Ultima Iter Brasileira

Autor(a): Boomer BR


Alma Imaculada

Capítulo 54: Lâmina Solitária

 

[Jack Hartseer]

 

Meu corpo pulsou em uma dor espinhenta no que minha visão embaçou.

“Essa merda de corrupção mental de novo!”, rangi os dentes me recostando contra a parede de madeira enquanto fraquejava.

Em questão de segundos a escuridão me consumiu e em meio ao breu completo eu me vi novamente frente a frente com o meu Alter ego, Abyssus.

Os olhos dourados a reluzir nas sombras e o meu peito ardendo em uma dor sufocante.

— O-O que você quer? — Perguntei rangendo os dentes para Abyssus que de pés diante da minha patética presença apenas me observou em desprezo.

— Acha que pode mesmo sair dessa situação?

Sua pergunta foi como uma agulhada em meu coração que me fez erguer o rosto com os olhos arregalados.

— Acha que pode mesmo... superar suas próprias limitações sendo que nem confia em si mesmo? — Indagou ele novamente ao abaixar sua face em minha direção.

O vapor âmbar emanando do seu olhar totalmente vazio era a faceta da própria solidão em carne e osso. E eu? Bom, eu só continuei calado diante dessa questão que permeou pela minha mente sem encontrar uma resposta sequer.

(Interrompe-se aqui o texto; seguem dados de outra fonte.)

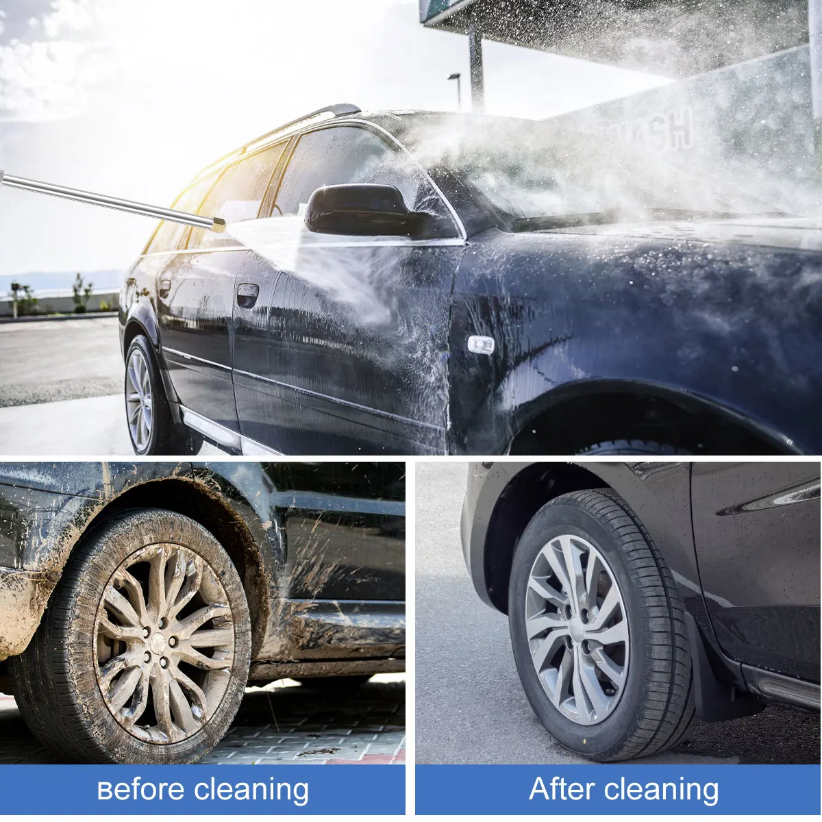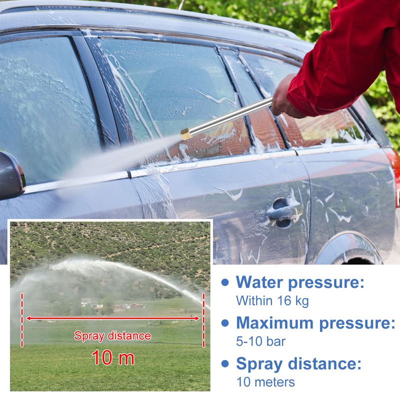 [Note] This is a normal electric washing machine nozzle. The pressure depends largely on the water pressure in the water system. The magic electric car wash wand can only raise the pressure to a limited extent, so if you want extra water pressure, use it with a jet car washer or electric car wash with a pressure pump.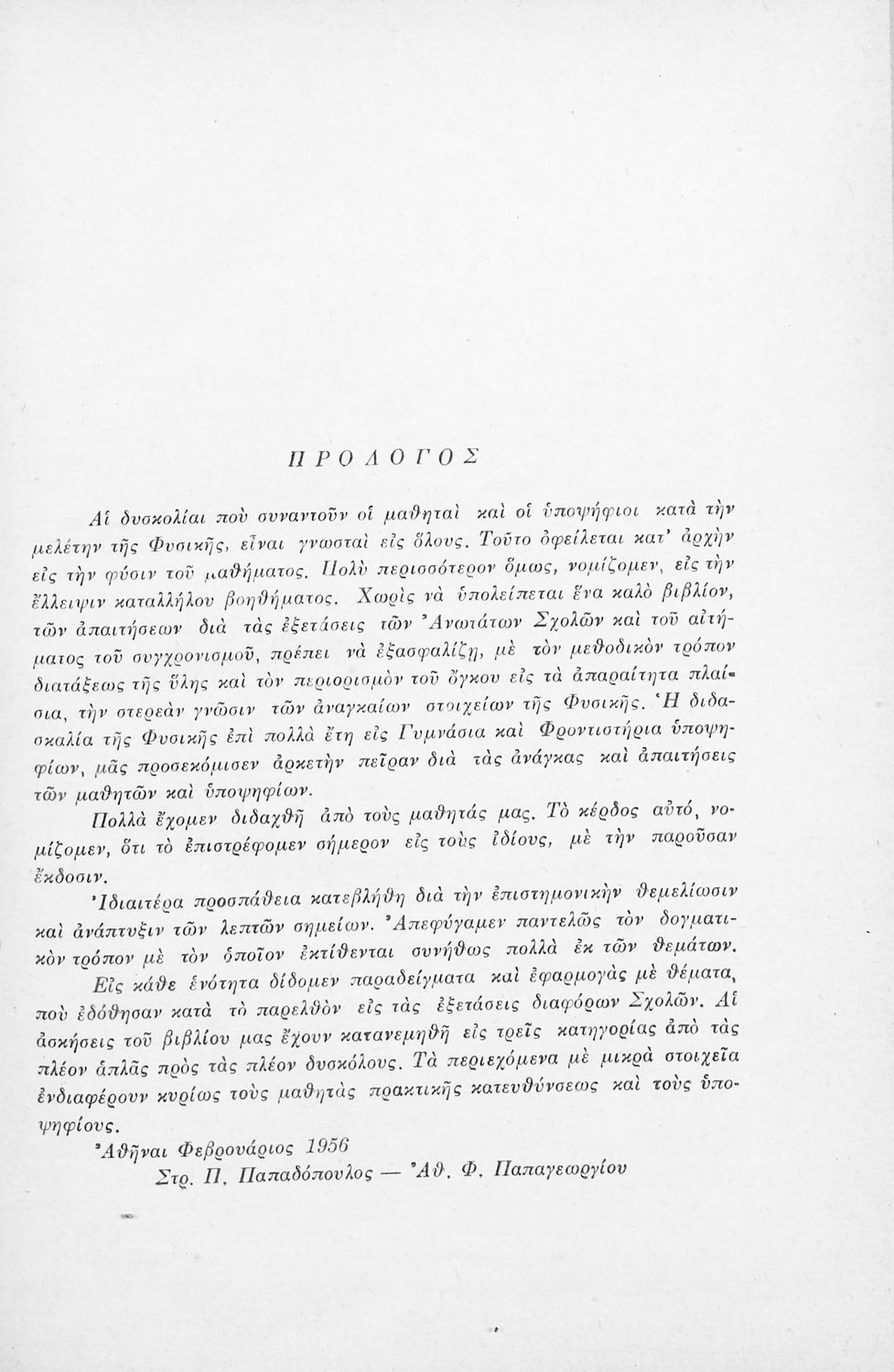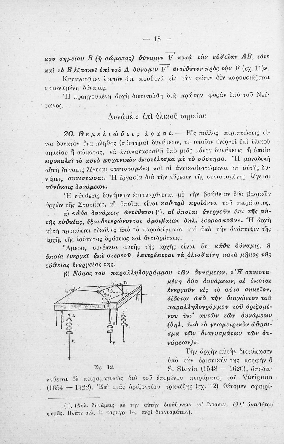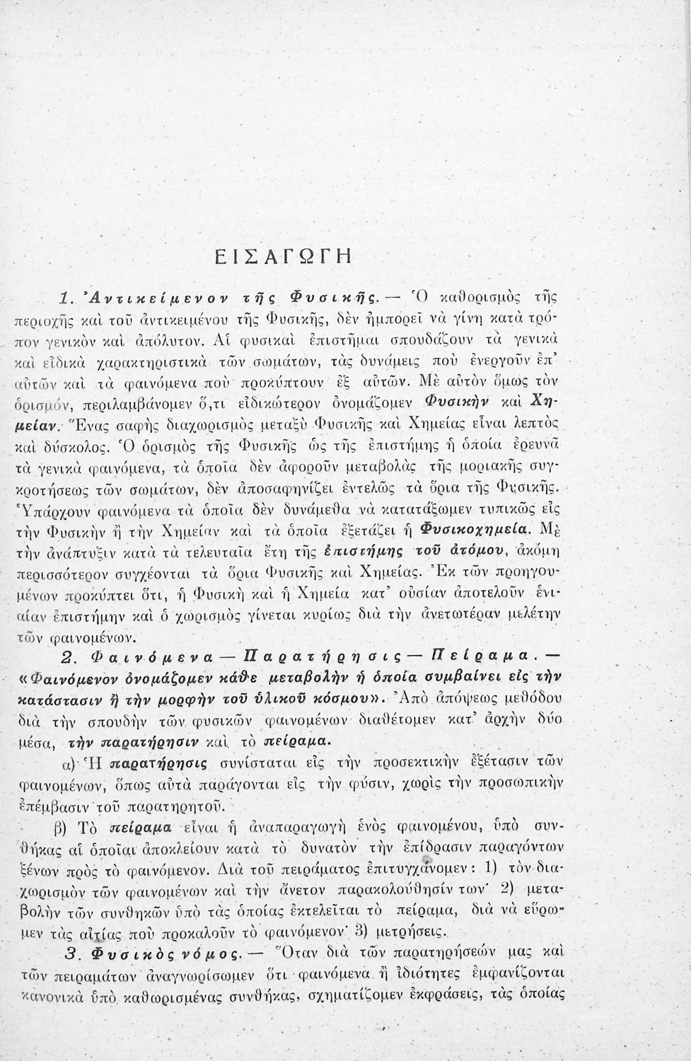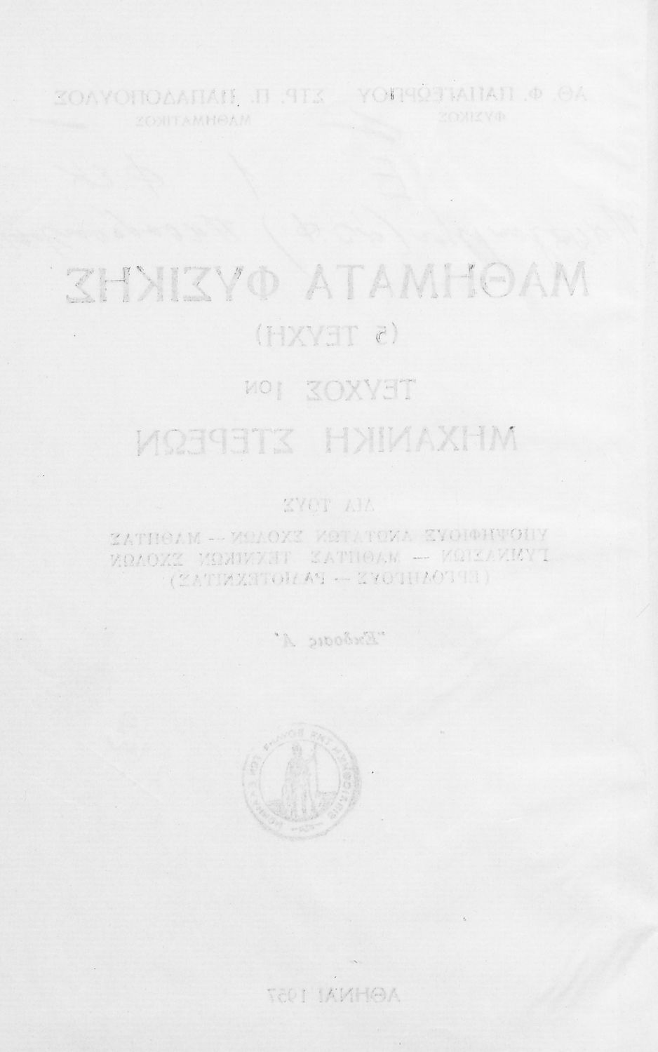 Μαθητικό βοήθημα Φυσικής για τους υποψήφιους Ανωτάτων Σχολών, τους μαθητές Γυμνασίων (κυρίως πρακτικής κατευθύνσεως) και δια τους μαθητάς μηχανοτεχνικών σχολών (εργοδηγούς και ραδιοτεχνίτες). Το βιβλίο περιέχει βασικές έννοιες της Μηχανικής των στερεών σωμάτων, κίνησης και ισορροπίας καθώς και στοιχεία Δυναμικής παρουσιάζοντας τους θεμελιώδεις νόμους μέσα από την κίνηση των στερεών σωμάτων.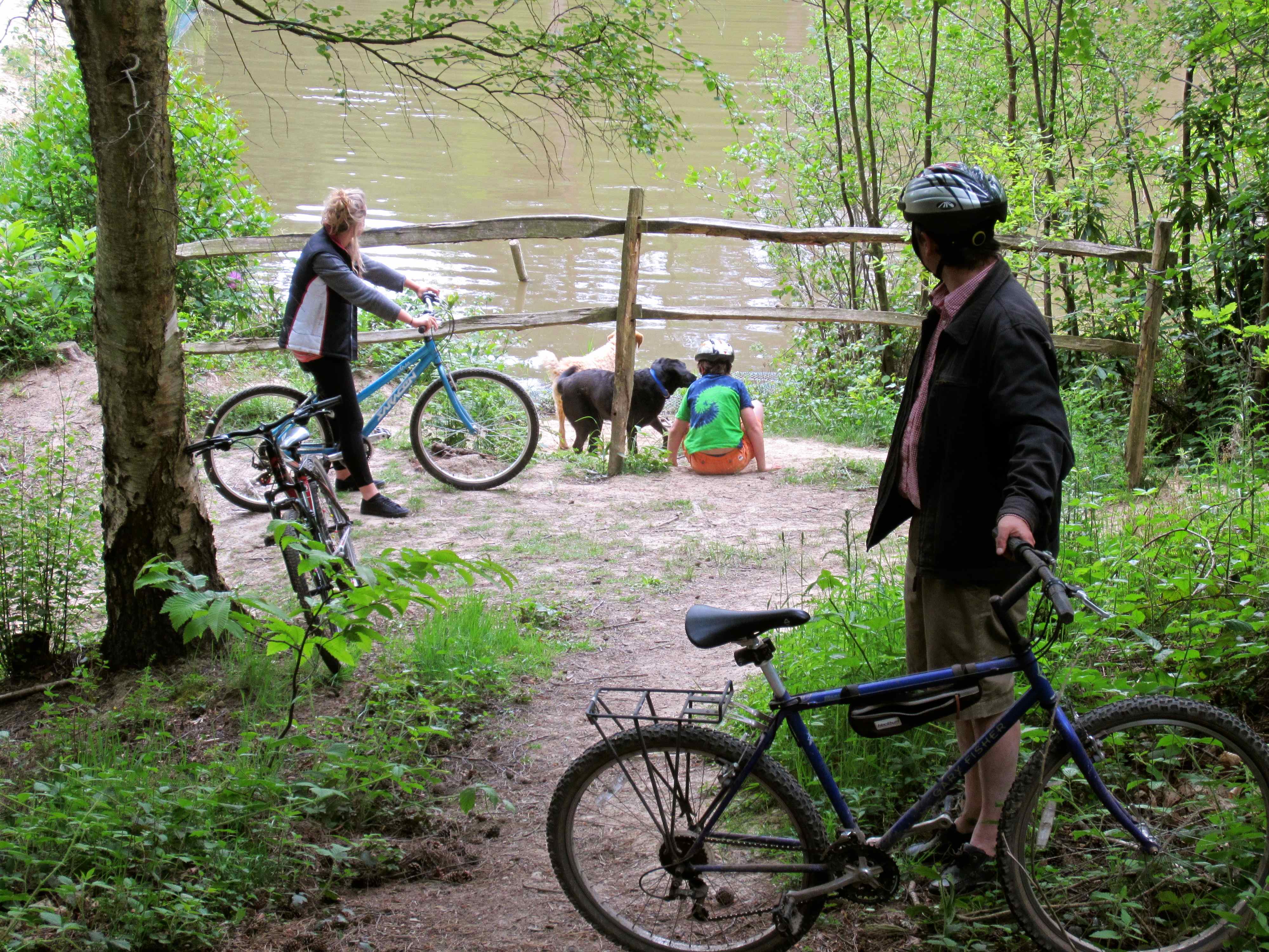 It was challenging and certainly got my pulse racing. The photo doesn’t do it justice but this part of the track was down then up a very steep hill. I confess I wimped out and walked down! Twice! Twice because when we got to the end we had all enjoyed it so much we went round in a big loop and did it again 🙂 It is a beautiful forest to have on your doorstep and I really enjoyed being in it today.

Mordi o lábio em frustração.

— Você não é nada Jack, é como um pequeno grão de areia, pra onde os ventos soprarem você será levado e não importa o quanto se esforce pra mudar isso, no fim sempre será forçado a fazer o que não quer.

Ele realmente tinha razão, mas por que?

Foi então que eu tentei me erguer com cada músculo ardendo e torcendo em correntezas de dor. — Mas.... E-Eu tenho que sair daqui, tenho que continuar. Eu não quero morrer, — Me erguendo totalmente eu olhei nos olhos de Abyssus. — T-Tem uma pessoa que se preocupa comigo, que se esforçou pra me deixar vivo até agora então eu... — um nó se fez em minha garganta.

Abyssus apenas se aproximou e torceu seus lábios em um sorriso de malícia. — Quê? Hahaha! — Os dentes afiados dele expostos enquanto sua risada ecoou pela escuridão. — Escute bem o que vou te dizer agora Jack, ninguém realmente se importa com você, o Jack Hartseer nunca teve ninguém ao seu lado e se for pra existir seja como Abyssus ou Jack, ambos só existirão sozinhos.

Meu corpo congelou.

Diversas mãos emergiram do breu completo e envoltas de sombras começaram a me agarrar enquanto sussurros permearam ao redor.

Sozinho, eu sempre estaria sozinho não importa o que acontecesse, não importa quem tentasse me ajudar... no fundo eu sabia que a solidão estaria sempre comigo.

O vapor escuro se intensificando ao meu redor, as vozes gritando em agonia enquanto o olhar reluzente de Abyssus se esvaiu entre os espectros das mãos puxando-me para o abismo.

“Eu... mereço mesmo viver então? Vale apena realmente sair daqui vivo?”, uma questão solitária e longínqua percorreu em meu subconsciente antes de cair em um mar negro de negatividade.

Ao abrir meus olhos enquanto afundava no meu próprio abismo interno eu vi uma adaga atravessada em meu abdômen.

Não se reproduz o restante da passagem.